Relativistic velocity derivation under constant force

[cbriggs]

I've been attempting to derive the relativistic velocity equation (for an object accelerating with a constant force- \frac{Fct}{\sqrt{1-\frac{v^{2}}{c^{2}}}}) for near a month without any solution.

I've derived an equation form the F=ma relation which includes a Sin function, so I know it's wrong. However, I haven't been able to determine why. Could someone point me in the right direction?

My derivation:

Using a=\frac{F}{m} and a\equiv\frac{dv}{dt}

\frac{dv}{dt}=\frac{F}{m}

m dv= F dt where m\equiv\frac{m_{o}}{\sqrt{1-\frac{v^{2}}{c^{2}}}}


\frac{m_{o} dv}{\sqrt{1-\frac{v^{2}}{c^{2}}}}= F dt

Integrate both sides

m_{o}c Sin^{-1}(\frac{v}{c})=Ft + constant

Which gives an answer that doesn't make sense and obviously doesn't represent v(t)

\frac{v}{c}=Sin(\frac{Ft + const}{m_{o}c})

Any idea where the error is, or how to get the correct expression? Any help is appreciated.

 

[Rainbow Child]

...My derivation:

Using a=\frac{F}{m} and a\equiv\frac{dv}{dt} here is the mistake

\frac{dv}{dt}=\frac{F}{m}

m dv= F dt where m\equiv\frac{m_{o}}{\sqrt{1-\frac{v^{2}}{c^{2}}}}


\frac{m_{o} dv}{\sqrt{1-\frac{v^{2}}{c^{2}}}}= F dt

...

You have to write

\vec{F}=\frac{d\,\vec{p}}{d\,t},\quad \vec{p}=m\,\gamma\,\vec{v}, \quad \gamma=\frac{1}{\sqrt{1-v^2/c^2}}

Thus first integrate

\vec{F}=\frac{d\,\vec{p}}{d\,t}\Rightarrow \vec{p}}=\vec{F}\,t+\vec{p}_o

plug in \vec{p}=m\,\gamma\,\vec{v} and solve for the velocity.

 

[Jorrie]

\vec{F}=\frac{d\,\vec{p}}{d\,t}\Rightarrow \vec{p}}=\vec{F}\,t+\vec{p}_o

plug in \vec{p}=m\,\gamma\,\vec{v} and solve for the velocity.

I assume you are talking coordinate values here, not "proper values", meaning the constant force will produce decreasing coordinate acceleration with time.

Question: will such a constant (coordinate) force produce a constant proper acceleration, i.e., as measured by an accelerometer on board the spacecraft ?

 

[Rainbow Child]

I assume you are talking coordinate values here, not "proper values", meaning the coordinate acceleration will decrease with time.

I don't really understand the terminology here!
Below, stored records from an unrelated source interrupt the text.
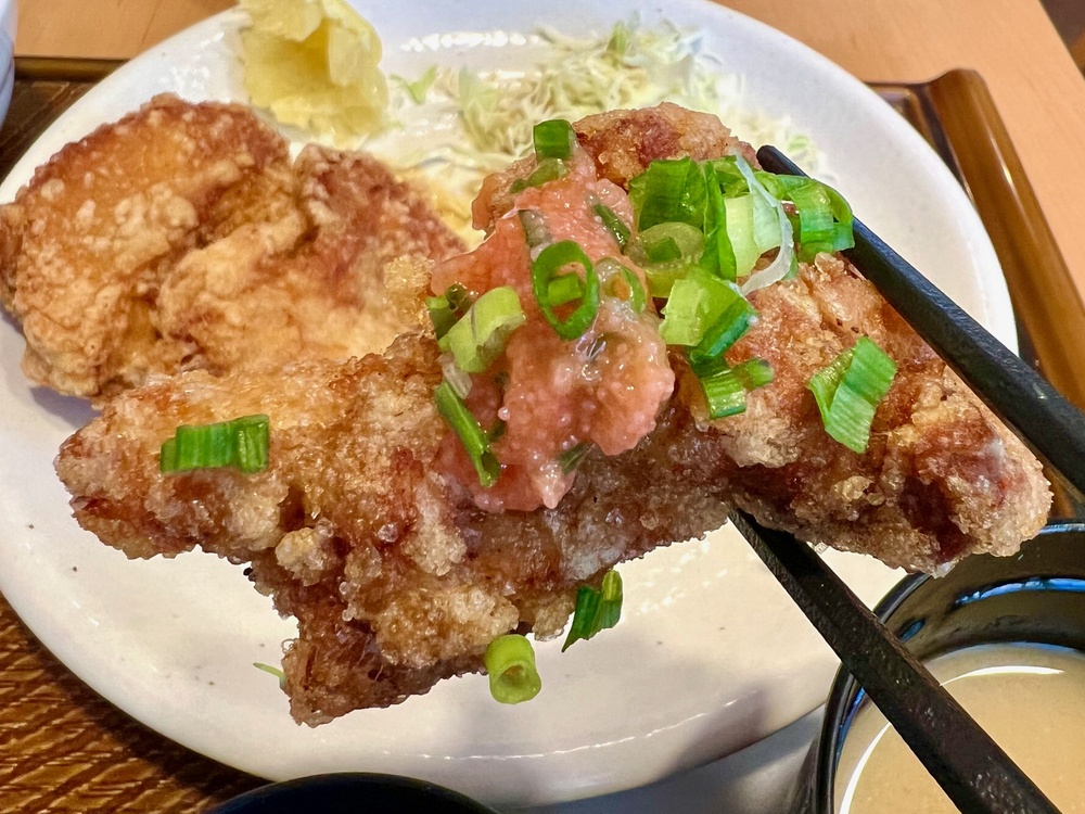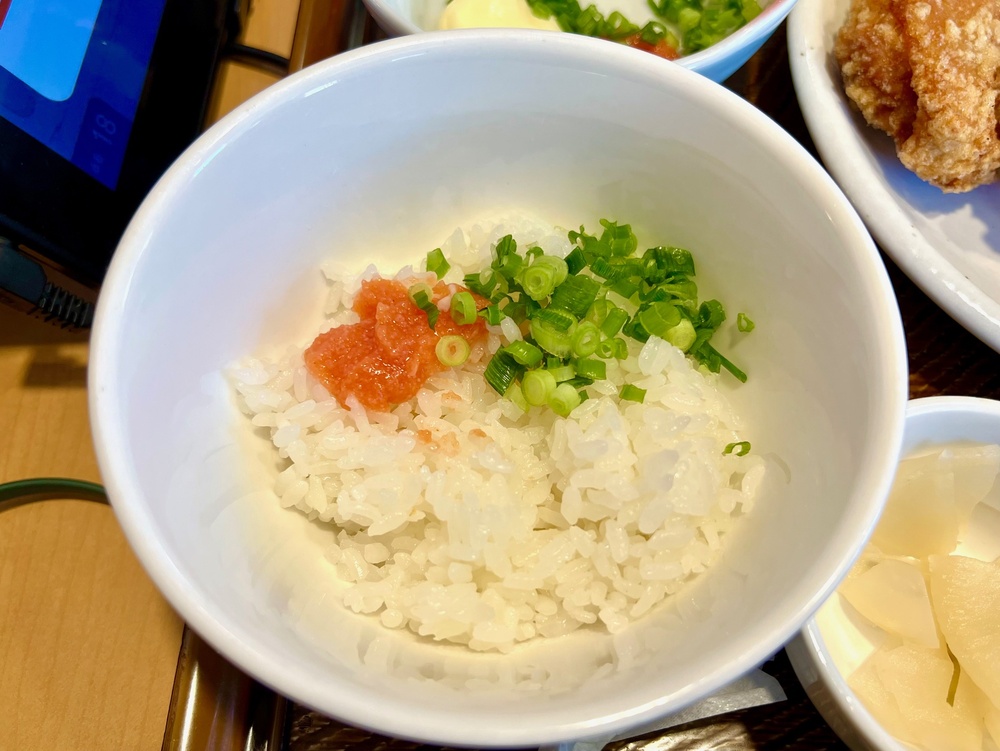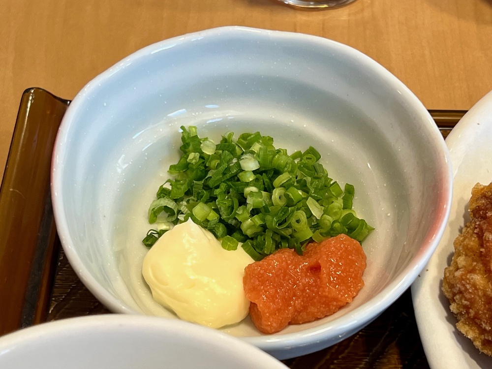 から揚げはそのままでも十分おいしいのですが、小ねぎと明太子をトッピングすると、またちがったおいしさが楽しめました。
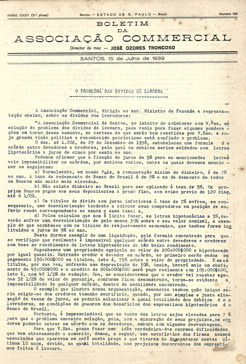 No início de 1929, a Associação Comercial de Santos desempenhava um papel central na organização e no acompanhamento do comércio de café que passava pelo Porto de Santos. Em um momento em que a economia brasileira dependia fortemente da exportação do produto, a entidade atuava como uma importante referência para comerciantes, exportadores e agentes do mercado, reunindo informações estratégicas sobre o funcionamento do porto e sobre o mercado internacional.
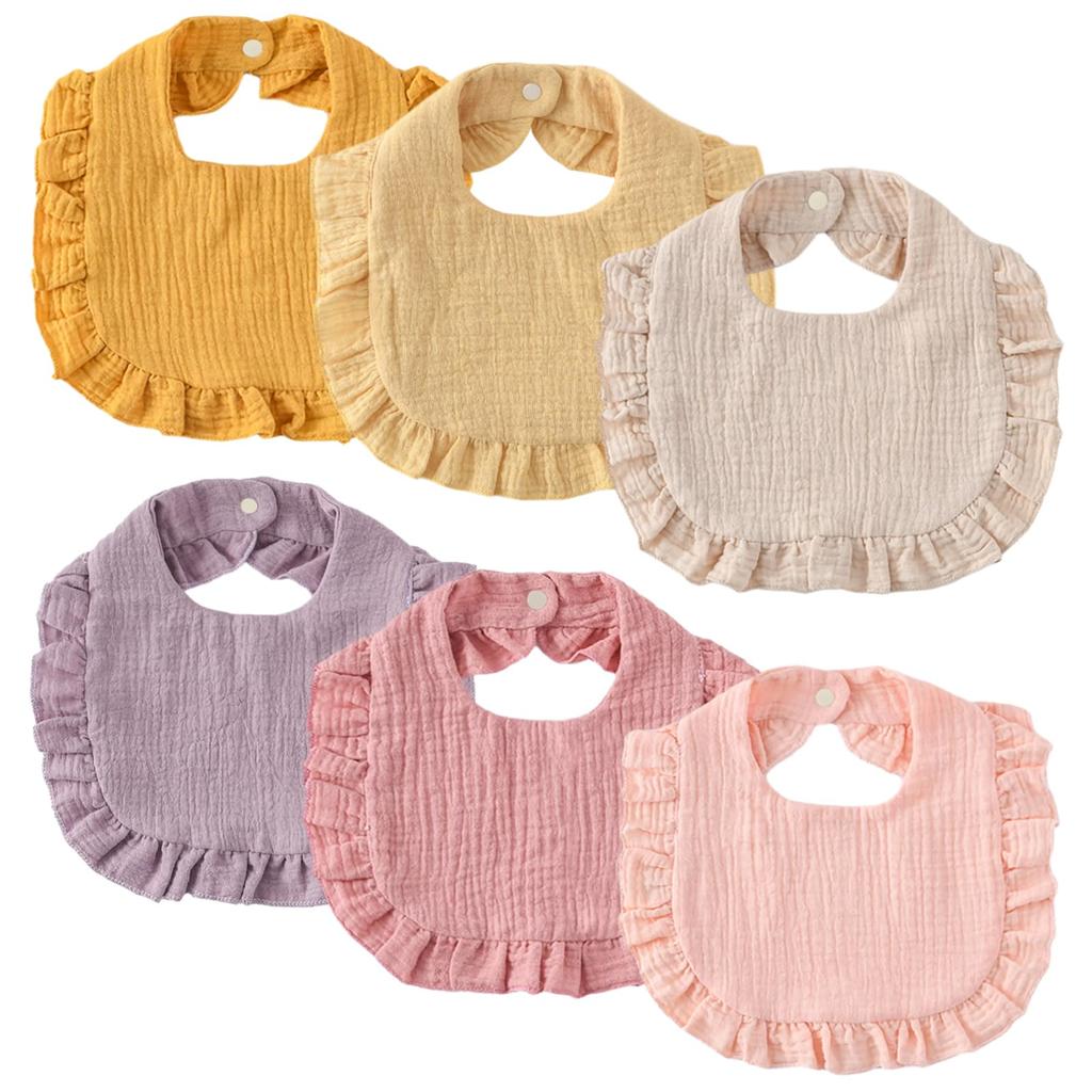 Frilled bib like a collar: A cute cotton baby bib with frills. The large size of the bib can hold even a lot of drool. It can also be used as an apron for newborns to prevent regurgitation of milk or for weaning meals.

It is not you by my English!

The constant force \vec{F} I mean is like the spacecraft is like a charge accelerating in a constant electrical field. Is that what you mean by constant coordinate force?

 

[cbriggs]

Wow... Thanks much, RC. I'm still not sure where my original math went wrong, but I'm okay with pondering that until I get the answer. My urgent task was to know how to derive the equation, which you have generously provided.

Jorrie- Yes: this applies to accelerating charges in a constant electric field (very good guess RC- you're on fire tonight), so no proper measurements required.

Regards to all,
Carey

 

[Rainbow Child]

Newton's 2nd law must be written in the form

\vec{F}=\frac{d\,\vec{p}}{d\,t}\Rightarrow \vec{F}=\gamma\,m\,\vec{a}+\gamma^3\,m\,\frac{\vec{v}\cdot\vec{a}}{c^2}\,\vec{v}

for the spatial compontets of the four-force.

But this is a horrible point to start!

 

[yuiop]

This link gives the equations of a rocket with constant acceleration (as felt by the occupants of the rocket)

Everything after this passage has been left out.